What you have to do
Leave out the pictures and repeat the data exactly.

Supplied records
== Segment start ==

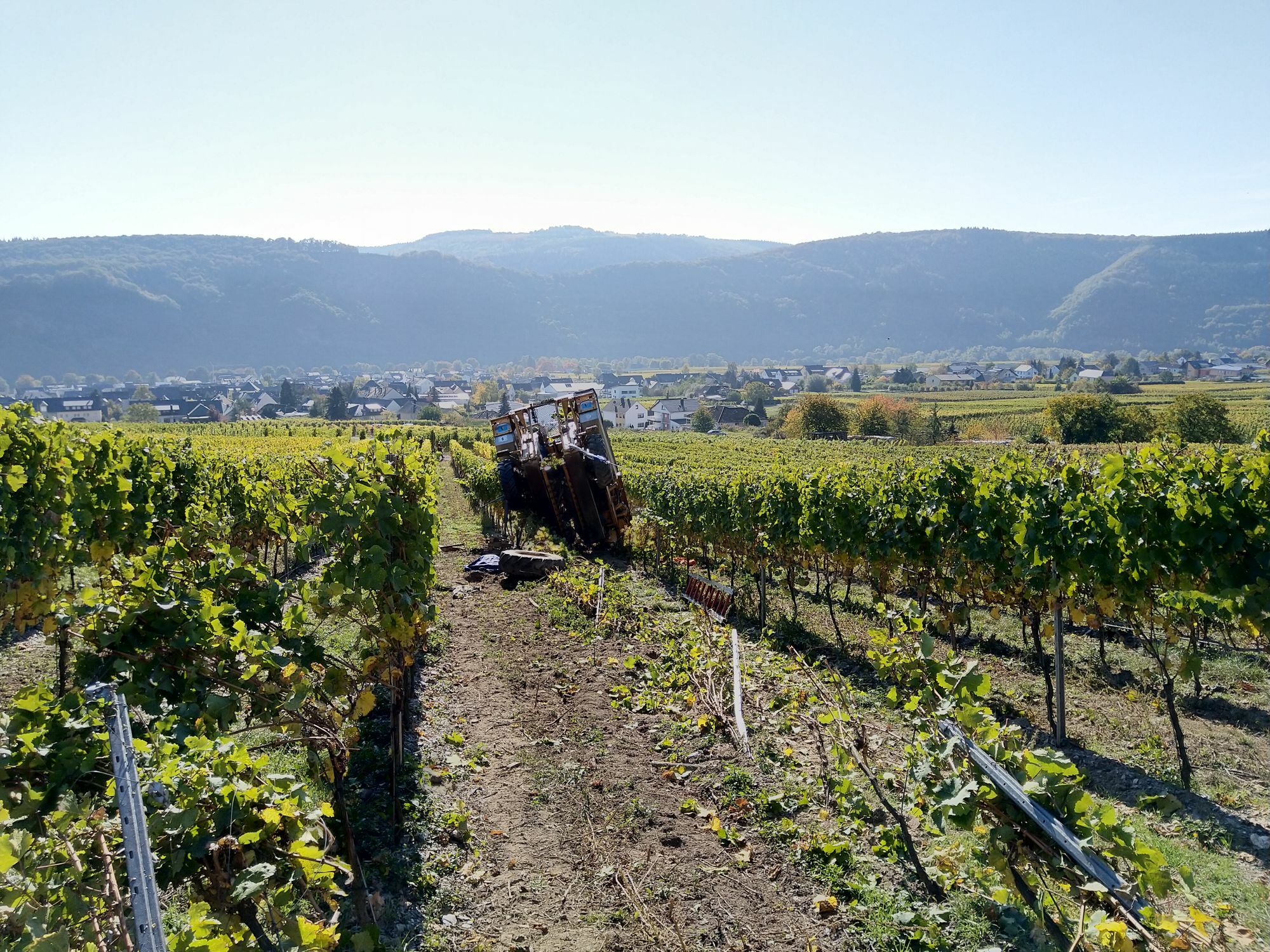 Zu einem tragischen Unfall kam es am Sonntagvormittag gegen 11.30 Uhr bei der Traubenlese in der Gemarkung Kröv. Während der Lesearbeiten im Weinberg kippte ein Traubenvollernter um. Der Fahrer wurde bei dem Unfall tödlich verletzt. Die Ermittlungen laufen.Foto: Polizei
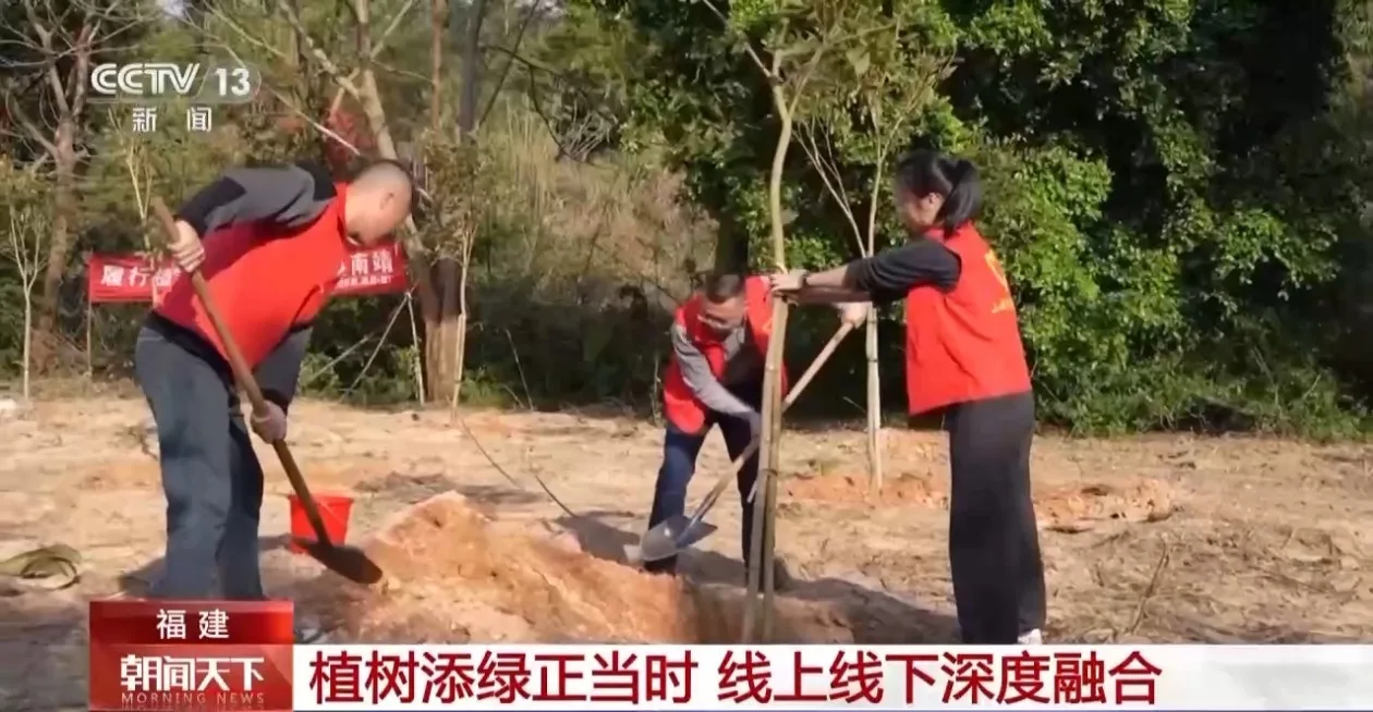 在福建漳州南靖县,志愿者们趁着晴好天气植树增绿。近年来,南靖县不断拓展义务植树尽责形式,推动线上预约、网络捐资与线下体验深度融合,打造出集多种尽责方式于一体的义务植树基地。
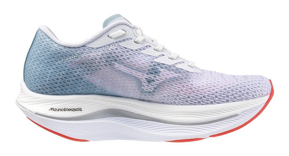 Лёгкая и мягкая пена Mizuno Enerzy Lite+ в верхнем слое межподошвы обеспечивает амортизацию и возврат энергии, а нижняя межподошва Mizuno Enerzy - скорость и высокую износостойкость. Enerzy Lite+ и Enerzy тесно взаимодействуют друг с другом, обеспечивая оптимальную амортизацию и упругость. Волнообразная пластина Mizuno Wave из пластика в сочетании со стекловолокном изнашивается медленнее, чем карбоновые пластины, что делает эту модель идеальной для тренировок. Пластина расположена полностью на передней части стопы, что обеспечивает мощный толчок и равномерное распределение ударной нагрузки.
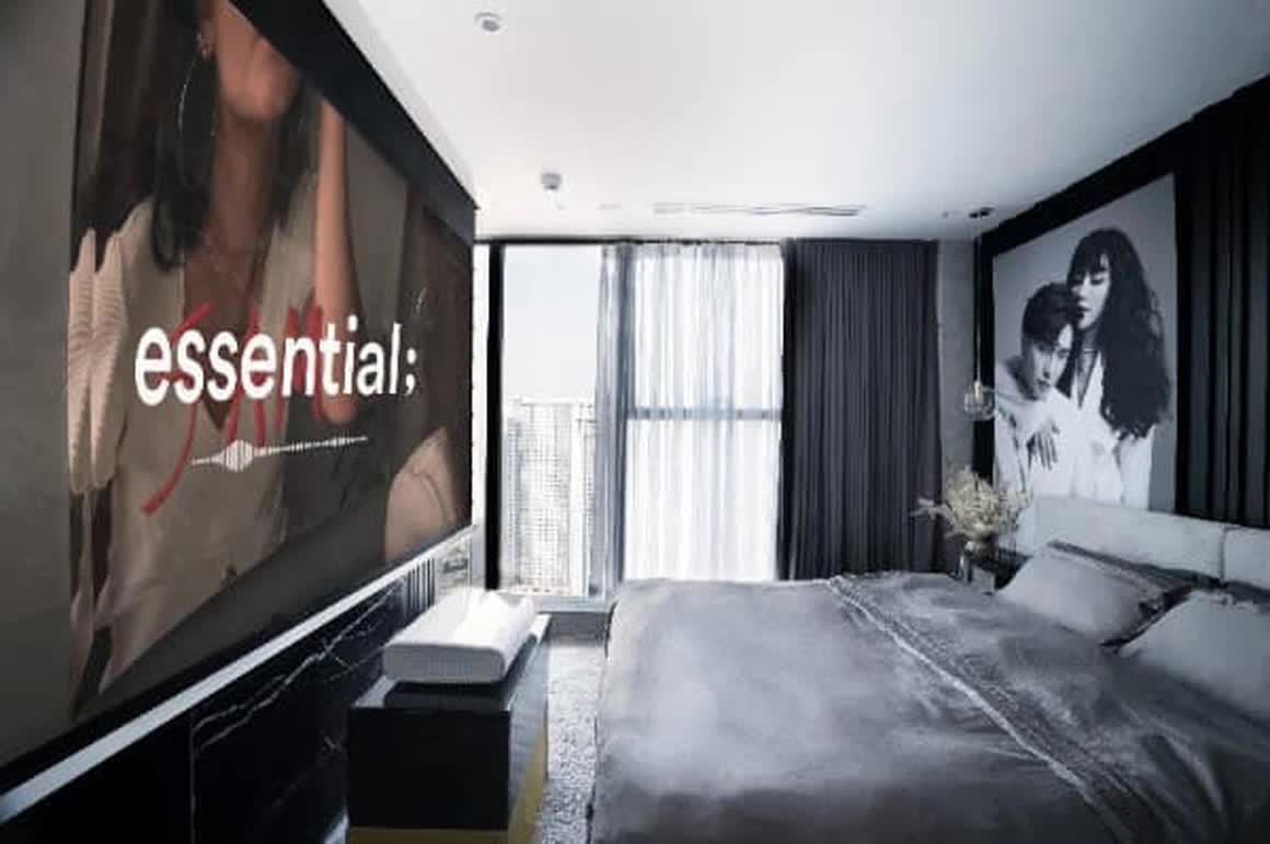Phòng ngủ tối giản với các màu trung tính như xám, trắng và đen, cùng cửa sổ kính suốt từ trần đến sàn mang lại ánh sáng cho căn phòng. Trong phòng ngủ, gia chủ cũng đặt một chiếc máy chiếu lớn sắc nét, tạo cảm giác chân thật như xem phim ngoài rạp.
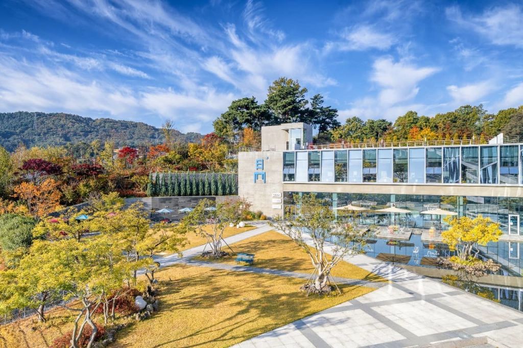 야외 테라스에서 청량한 하늘을 바라보며 브런치를 즐기기 좋은 대형 카페
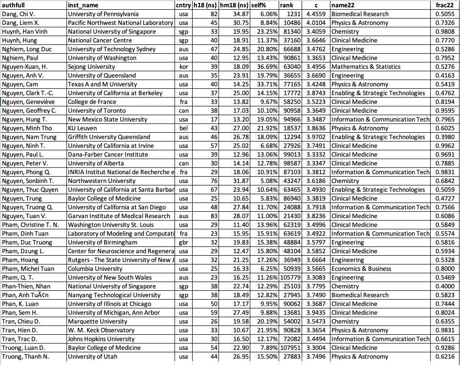 Về xếp hạng thế giới, trong số những nhà khoa học gốc Việt, Dang, Chi V có thứ hạng cao nhất ( 1.203 thế giới), tiếp đến là Phan, Sem H. của ĐH Michigan (11.932 thế giới) GS Nguyen, Nam-Trungcủa ĐH Griffith (Úc) (14.233 thế giới)
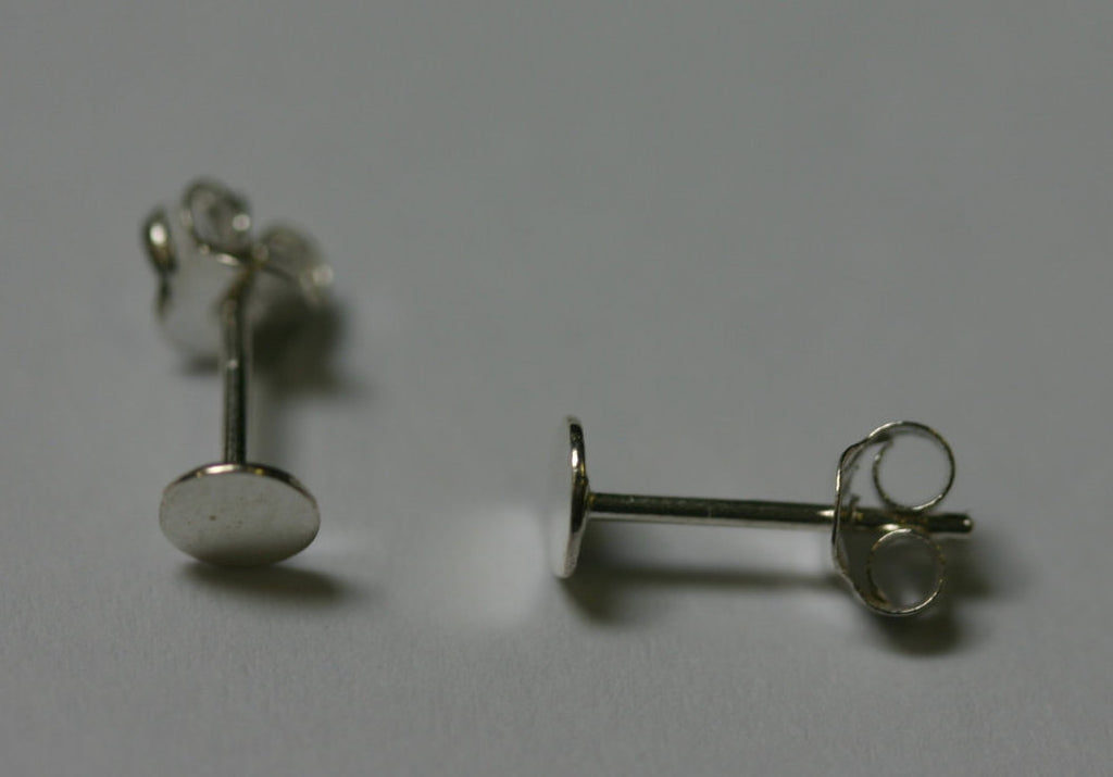 1 pair 4mm Sterling Silver Solid 925 Flat Pad Post Stud Earrings with Ear nuts
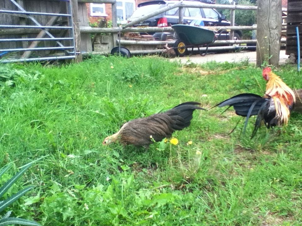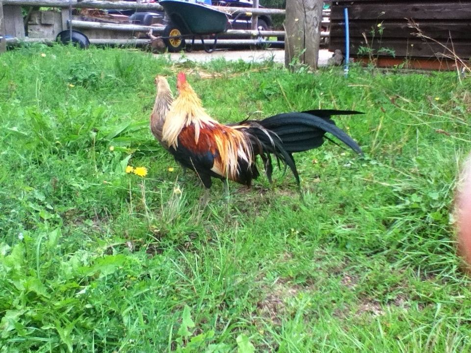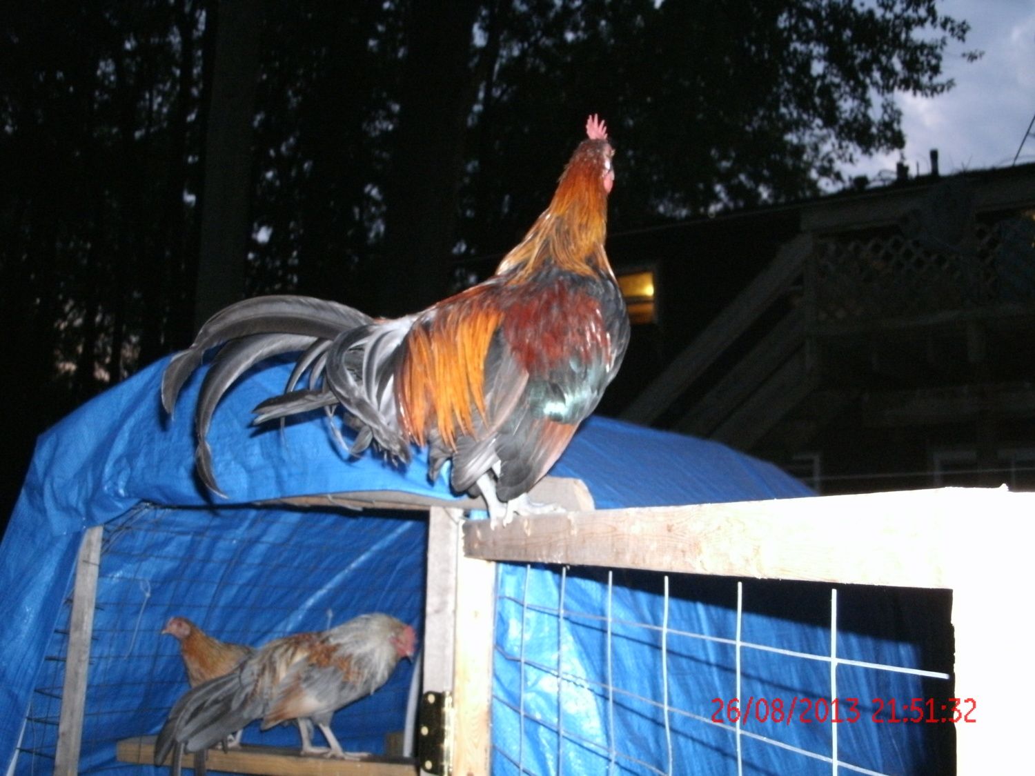 Mr. Ed, the BB is a tad smaller than the blue. Also, in the first pic, Mr. Eds wings are low, but that's because it was freaking 80 degrees at 9 pm... The weather went from nice to hot in 2 days. It's miserable out there right now. All my birds are walking around with their wings out.The Blue Boy has a longer tail at this point, and his hackles and saddles make me dizzy. Not sure exactly any more what his color should be. I thought at first he was a lemon blue, but he's got what I think is consider crele... the barring?... Anyway. Both are very good and it's time to put them in a bachelor pad... Bummer, but want those tails to grow. Now... can I put them in a bachelor pad by together, or should it be so they are together, but can't fight? They are starting to get frisky with the pullets... Both my golden pullets are gone. I have only one bbr and one lemon blue. OH, that last picture, that is the first time in the few years that I have had chickens that I was able to get a pic of a bird in flight. He was jumping back up to get on the roost. So cool.
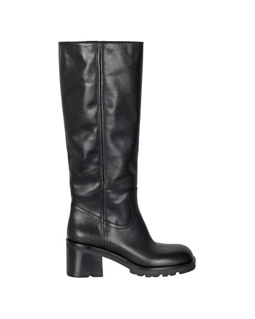 Elevate your style with these Strategia leather high boots for women. Featuring a round toe and a sleek design without a zipper, these boots have a shaft height of 51 cm and a comfortable 7 cm heel height. Crafted from 100% leather with a leather insole and rubber sole, these boots offer both style and durability. Colour: black
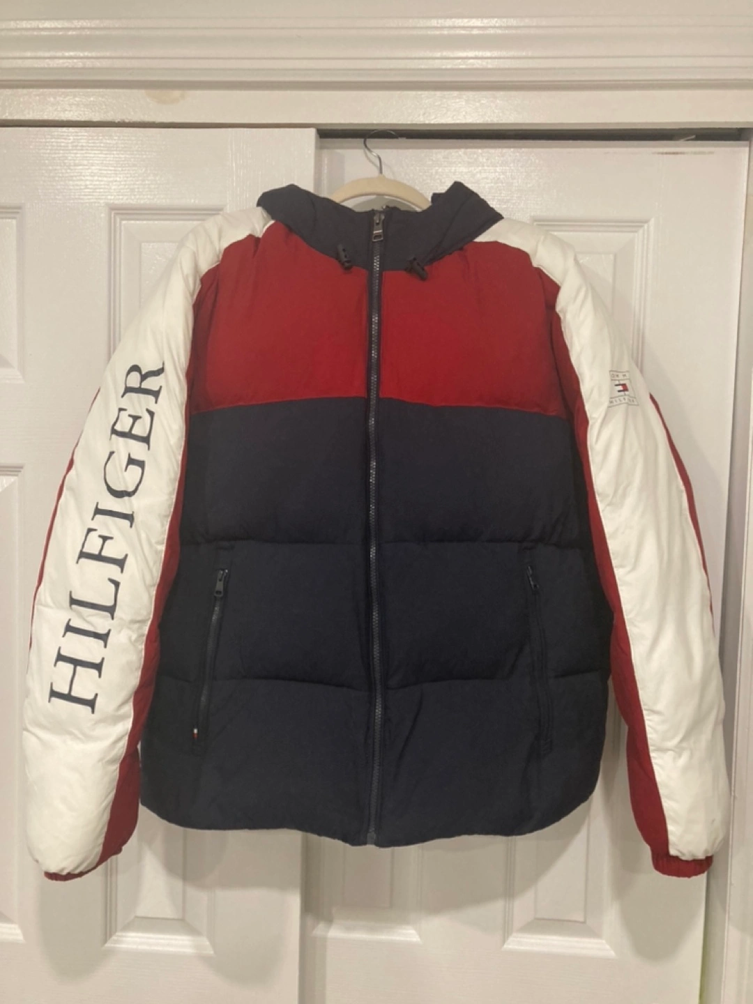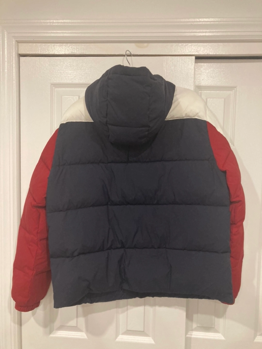 Men's jacket literally new, worn a couple of times because unfortunately I bought the wrong size. Stylish colorblocked puffer jacket. Features a navy, red, and white color scheme, includes a hood, zipper closure, side pockets. Cash only.
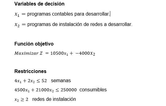 Puede elegir entre desarrollar programas contables o instalación de redes. Cada programa contable requiere 4 semanas de desarrollo y $1500 de consumibles. Un programa cuesta $3000 y puede venderse en $15000. Para la instalación de redes esos valores son 2 semanas de instalación, $9000 de consumibles, una instalación de redes cuesta $12000 y puede venderse en $17000. La empresa tiene 52 semanas disponibles de trabajo, el programador dispone de $250000 para invertirlos en la compra y mantenimiento. Por último, se desea tener más de dos instalaciones de redes. Plantee este problema en forma de PL para maximizar las utilidades al final del periodo.
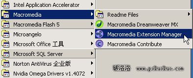 第一步,確定你安裝有Macromedia Extension Manager(以下簡稱EM),中文名稱就叫插件管理器,Dreamweaver 4.0以上版本都自帶了這個軟件,在安裝Dreamweaver的時候會自動安裝這個東東。如下圖所示:
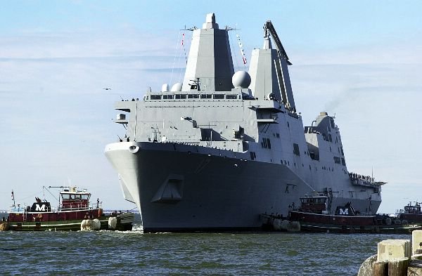 311k | USS San Antonio (LPD-17) returns to Naval Station Norfolk after completing the second phase of a two-part series of sea trials. The sea trials evaluated shipboard systems and developed crew proficiency. US Navy photo # 110615-N-ZZ999-001 NORFOLK (June 15, 2011) . |
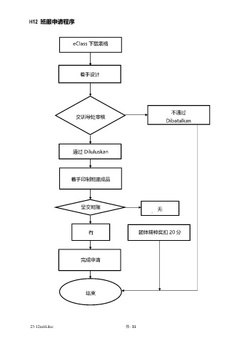H12 班服申请程序 eClass 下载表格 着手设计 不通过 交训导处审核 Dibatalkan 通过 Diluluskan 着手印制班服成品 呈交班服 无 有 团体精神奖扣 20 分 完成申请 结束 23-12xzH.doc 体- 11
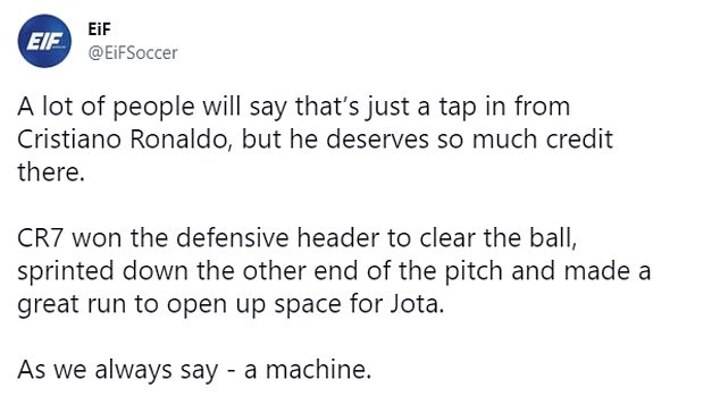 'CR7 won the defensive header to clear the ball, sprinted down the other end of the pitch and made a great run to open up space for Jota. As we always say - a machine.'

== Segment end ==

Output of the exercise
 Zu einem tragischen Unfall kam es am Sonntagvormittag gegen 11.30 Uhr bei der Traubenlese in der Gemarkung Kröv. Während der Lesearbeiten im Weinberg kippte ein Traubenvollernter um. Der Fahrer wurde bei dem Unfall tödlich verletzt. Die Ermittlungen laufen.Foto: Polizei
 在福建漳州南靖县,志愿者们趁着晴好天气植树增绿。近年来,南靖县不断拓展义务植树尽责形式,推动线上预约、网络捐资与线下体验深度融合,打造出集多种尽责方式于一体的义务植树基地。
 Лёгкая и мягкая пена Mizuno Enerzy Lite+ в верхнем слое межподошвы обеспечивает амортизацию и возврат энергии, а нижняя межподошва Mizuno Enerzy - скорость и высокую износостойкость. Enerzy Lite+ и Enerzy тесно взаимодействуют друг с другом, обеспечивая оптимальную амортизацию и упругость. Волнообразная пластина Mizuno Wave из пластика в сочетании со стекловолокном изнашивается медленнее, чем карбоновые пластины, что делает эту модель идеальной для тренировок. Пластина расположена полностью на передней части стопы, что обеспечивает мощный толчок и равномерное распределение ударной нагрузки.
Phòng ngủ tối giản với các màu trung tính như xám, trắng và đen, cùng cửa sổ kính suốt từ trần đến sàn mang lại ánh sáng cho căn phòng. Trong phòng ngủ, gia chủ cũng đặt một chiếc máy chiếu lớn sắc nét, tạo cảm giác chân thật như xem phim ngoài rạp.
 야외 테라스에서 청량한 하늘을 바라보며 브런치를 즐기기 좋은 대형 카페
 Về xếp hạng thế giới, trong số những nhà khoa học gốc Việt, Dang, Chi V có thứ hạng cao nhất ( 1.203 thế giới), tiếp đến là Phan, Sem H. của ĐH Michigan (11.932 thế giới) GS Nguyen, Nam-Trungcủa ĐH Griffith (Úc) (14.233 thế giới)
 1 pair 4mm Sterling Silver Solid 925 Flat Pad Post Stud Earrings with Ear nuts
 Mr. Ed, the BB is a tad smaller than the blue. Also, in the first pic, Mr. Eds wings are low, but that's because it was freaking 80 degrees at 9 pm... The weather went from nice to hot in 2 days. It's miserable out there right now. All my birds are walking around with their wings out.The Blue Boy has a longer tail at this point, and his hackles and saddles make me dizzy. Not sure exactly any more what his color should be. I thought at first he was a lemon blue, but he's got what I think is consider crele... the barring?... Anyway. Both are very good and it's time to put them in a bachelor pad... Bummer, but want those tails to grow. Now... can I put them in a bachelor pad by together, or should it be so they are together, but can't fight? They are starting to get frisky with the pullets... Both my golden pullets are gone. I have only one bbr and one lemon blue. OH, that last picture, that is the first time in the few years that I have had chickens that I was able to get a pic of a bird in flight. He was jumping back up to get on the roost. So cool.
 Elevate your style with these Strategia leather high boots for women. Featuring a round toe and a sleek design without a zipper, these boots have a shaft height of 51 cm and a comfortable 7 cm heel height. Crafted from 100% leather with a leather insole and rubber sole, these boots offer both style and durability. Colour: black
 Men's jacket literally new, worn a couple of times because unfortunately I bought the wrong size. Stylish colorblocked puffer jacket. Features a navy, red, and white color scheme, includes a hood, zipper closure, side pockets. Cash only.
 Puede elegir entre desarrollar programas contables o instalación de redes. Cada programa contable requiere 4 semanas de desarrollo y $1500 de consumibles. Un programa cuesta $3000 y puede venderse en $15000. Para la instalación de redes esos valores son 2 semanas de instalación, $9000 de consumibles, una instalación de redes cuesta $12000 y puede venderse en $17000. La empresa tiene 52 semanas disponibles de trabajo, el programador dispone de $250000 para invertirlos en la compra y mantenimiento. Por último, se desea tener más de dos instalaciones de redes. Plantee este problema en forma de PL para maximizar las utilidades al final del periodo.
 第一步,確定你安裝有Macromedia Extension Manager(以下簡稱EM),中文名稱就叫插件管理器,Dreamweaver 4.0以上版本都自帶了這個軟件,在安裝Dreamweaver的時候會自動安裝這個東東。如下圖所示:
 311k | USS San Antonio (LPD-17) returns to Naval Station Norfolk after completing the second phase of a two-part series of sea trials. The sea trials evaluated shipboard systems and developed crew proficiency. US Navy photo # 110615-N-ZZ999-001 NORFOLK (June 15, 2011) . |
H12 班服申请程序 eClass 下载表格 着手设计 不通过 交训导处审核 Dibatalkan 通过 Diluluskan 着手印制班服成品 呈交班服 无 有 团体精神奖扣 20 分 完成申请 结束 23-12xzH.doc 体- 11
 'CR7 won the defensive header to clear the ball, sprinted down the other end of the pitch and made a great run to open up space for Jota. As we always say - a machine.'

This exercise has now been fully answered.